Certified Copy is in fact a copy in more ways than one. While it's a reinvention of Kiarostami's own personal experience, it's also a re-imagining of certain films from the past, such as Alain Resnais' Last Year at Marienbad and Richard Linklater's Before Sunrise. And then there's Roberto Rossellini's Journey to Italy, with which Certified Copy shares a canny resemblance. In that 1951 film, a couple (played by Ingrid Bergman and George Sanders) slowly watch their marriage ebbing, flowing and disintegrating as they travel through Italy.

More than just paying homage to other people's work, however, Certified Copy also sees Kiarostami revisiting his own oeuvre as well, most notably in the way he mixes reality with illusion.

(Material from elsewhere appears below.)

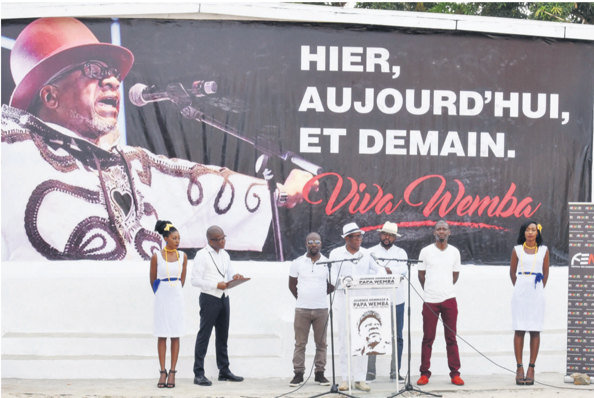
A'Salfo (au centre) entouré d'autres membres de la bande Magic System, lors de son discours en hommage à Papa Wemba le 24 avril 2017 à Abidjan dans le cadre du festival Femua.

N° 2901 DU 29 AVRIL AU 5 MAI 2017 / 200 FCFA, 300 FC, 1€

While a fictional feature film, Certified Copy contains quite a few depictions of real life - the Italian locations, the relic in the museum - in a story driven by artifice and pretence.

This confluence of the real and the fake is a trademark of the Iranian director's past films. In documentaries such as Homework and ABC Africa, he is seen or heard off-screen asking questions. Close Up, a docudrama, is a re-enactment of an identity fraud, with the culprit and victims playing themselves. The feature film And Life Goes On... has a filmmaker and his son travelling through the ruins of a real earthquake, and Through the Olive Trees revolves around an actor trying to woo, in real life, his on-screen paramour - with a filmmaker documenting his travails.

Although Kiarostami accepts the crossover between fiction and reality in storytelling, he is sceptical about the sway or moral integrity an artist wields. In a style that approaches self-critique, his characters - who we can understand as avatars of himself - always come across as mildly cynical. They lack empathy towards the downtrodden and have no idea about social decorum.

In And Life Goes On... the director character doesn't seem to care that much about the many tragic stories he hears from the earthquake victims, while The Wind Will Carry Us revolves around a manipulative television producer who lies about his real reason for being in a village: he's actually waiting for a centenarian to die so that he can score a big scoop for his programme. He even pesters the local residents to go out of their way to meet his needs while he's doing it.

Certified Copy's James Miller is a similar character. He's arrogant, he appears late at his book launch, and even takes a phone call during his own speech. These are probably copies of Kiarostami himself, with the flaws magnified to highlight how art can try, and perhaps fail, to change the world.

Or perhaps it's an artistic game to test the blurry boundary between fact and fiction - an act which has caught Binoche by surprise, and perhaps audiences worldwide too.